> _Task material_
^^^^

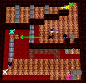 Move the steel box one step left along the yellow arrow. Then, using both Stinky and Loof to retrieve the second box below, trap and explode the Kaboom! at the yellow "X". Retrieve seven steel boxes from the stacks by positioning Loof at the green "X" and having Stinky push boxes in front of Loof. The first six can be dumped into the Lava along the green arrow - make sure you do not step onto the conveyor belt yourself though! Get the seventh box out of the room and into position at the black "X", but don't push it onto the conveyor belt yet. Move Stinky to the light blue "X" first, then have Loof push to box in. Now push the box south and move Stinky to the white "X". Have Loof deposited the box in front of Stinky, and then get to a safe spot on the bridge. Use the box to trap and explode the Kaboom! at the purple "X" (you'll need to Rainbow coins for that - don't collect them first!), and exit the level.
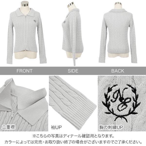 ダブルジップ ニット ケーブルニット セーター トップス レディース 襟付き 長袖 ライトアウター N1267
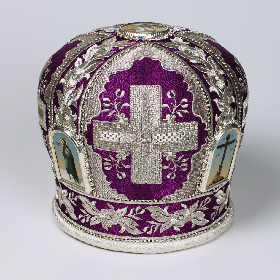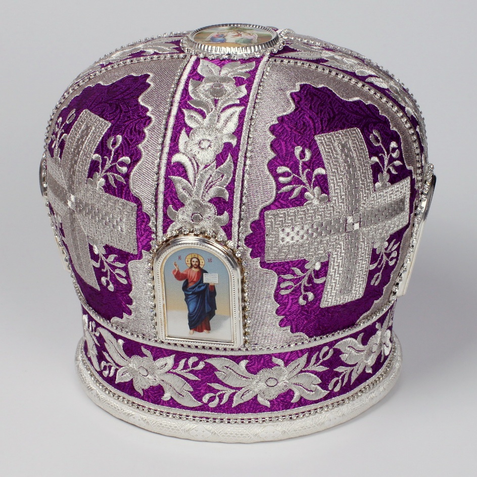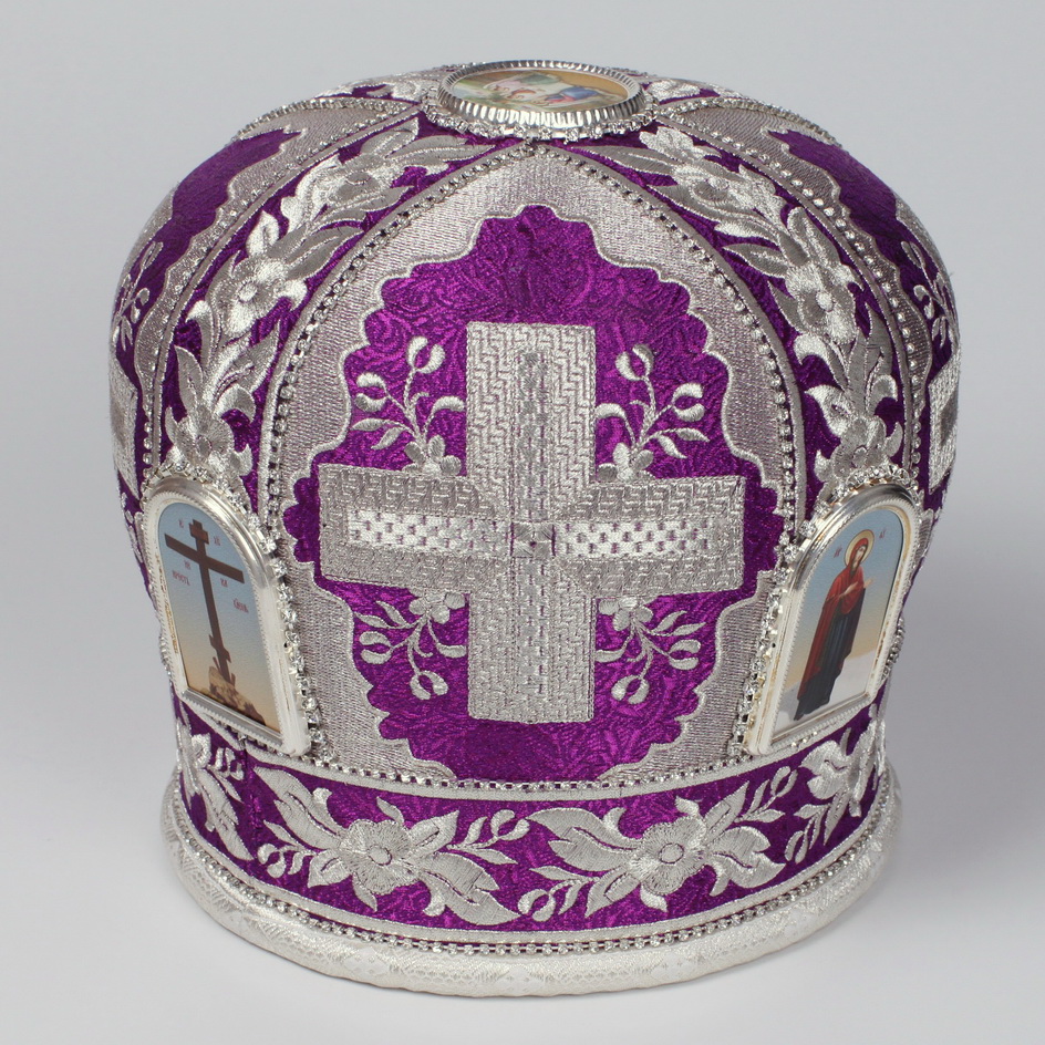 фиолетовая митра по акции размер 61. Митра выполнена из фактурного глазета.
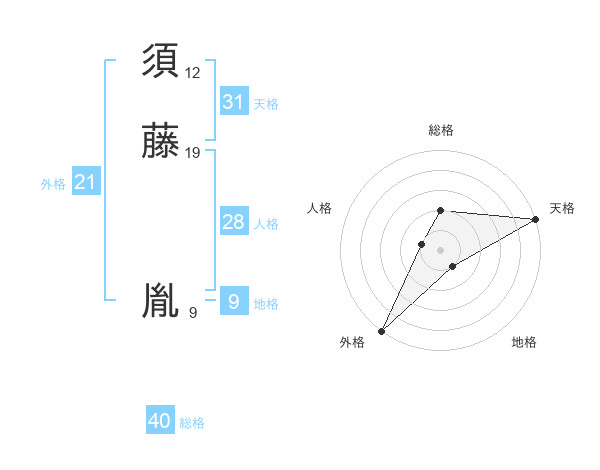 須藤 胤さんの天格は31画の5点!
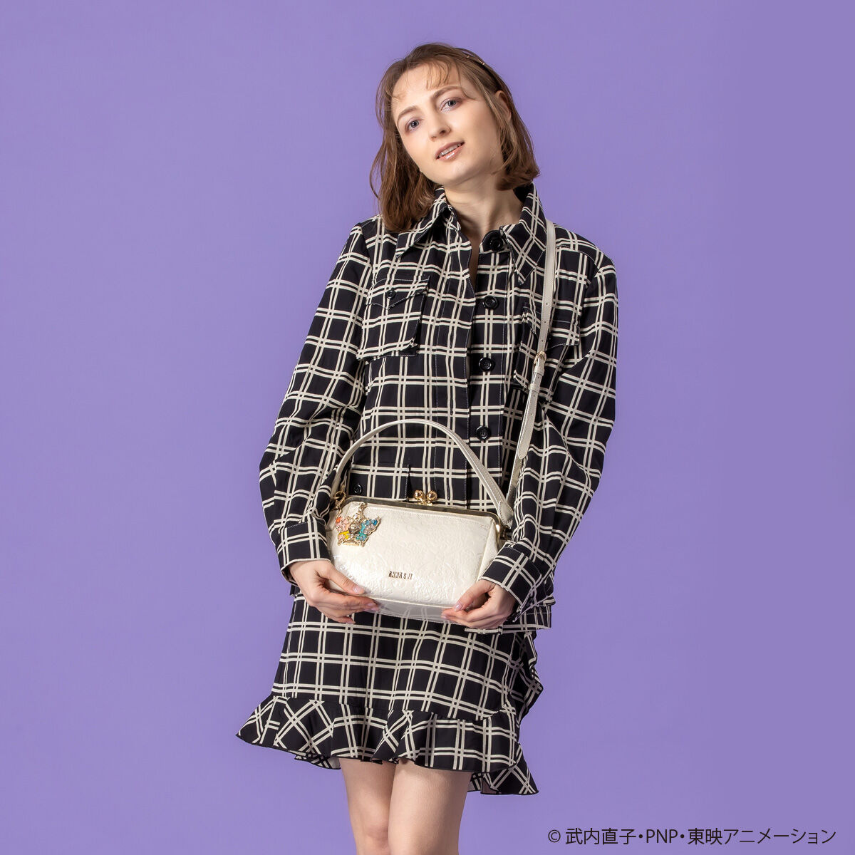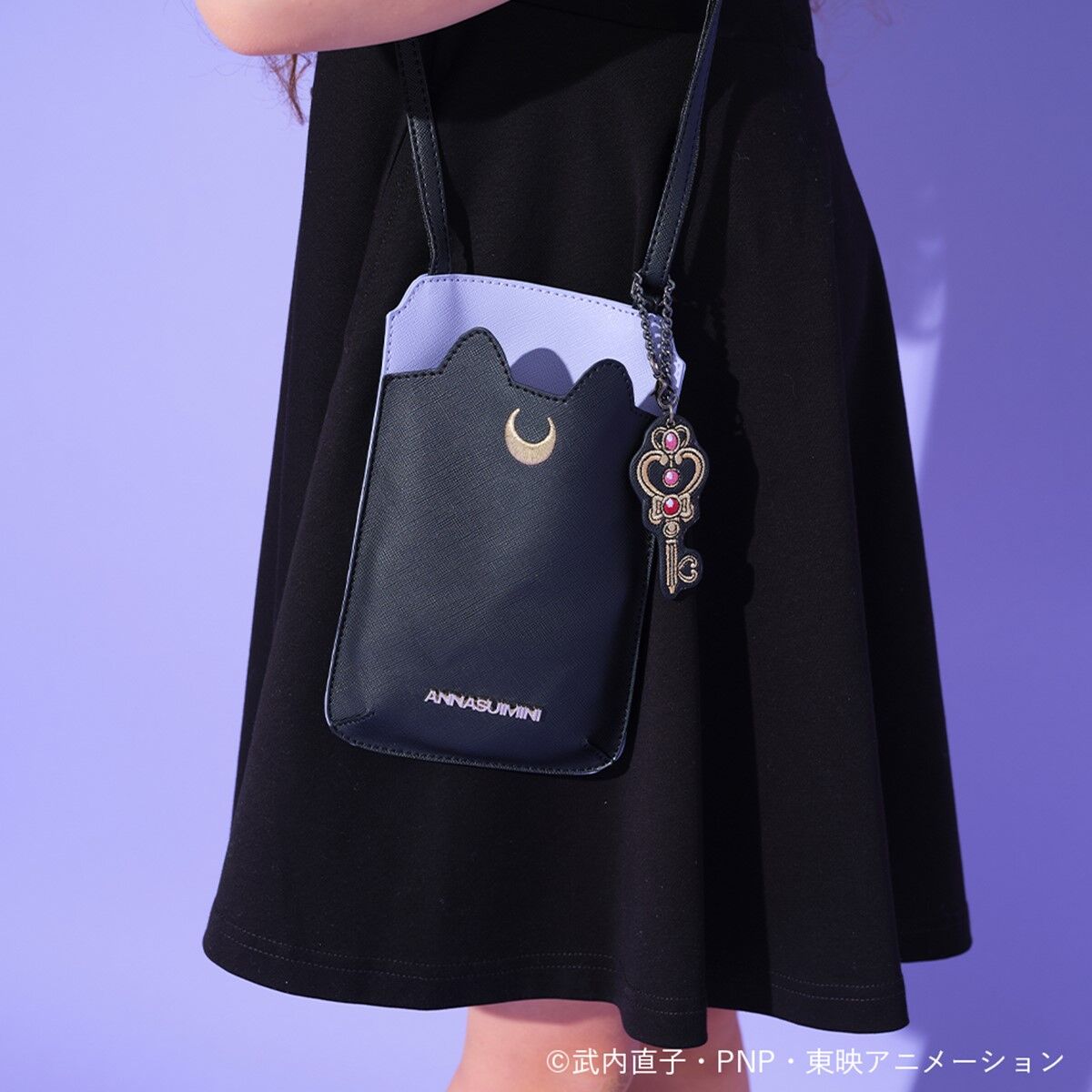 Mini torebka - inspirowana Luną; z paskiem na ramię oraz zawieszką z Kluczem Czasoprzestrzeni; wymiary to 18 x 10 cm; 7590 jenów (ok. 259 zł).

^^^^

> _Task directions_
The expected answer consists solely of the lines from the one with "фиолетовая митра по" through the last line of the listing above, restated exactly, minus any pictures.

> _Written response_
 фиолетовая митра по акции размер 61. Митра выполнена из фактурного глазета.
 須藤 胤さんの天格は31画の5点!
 Mini torebka - inspirowana Luną; z paskiem na ramię oraz zawieszką z Kluczem Czasoprzestrzeni; wymiary to 18 x 10 cm; 7590 jenów (ok. 259 zł).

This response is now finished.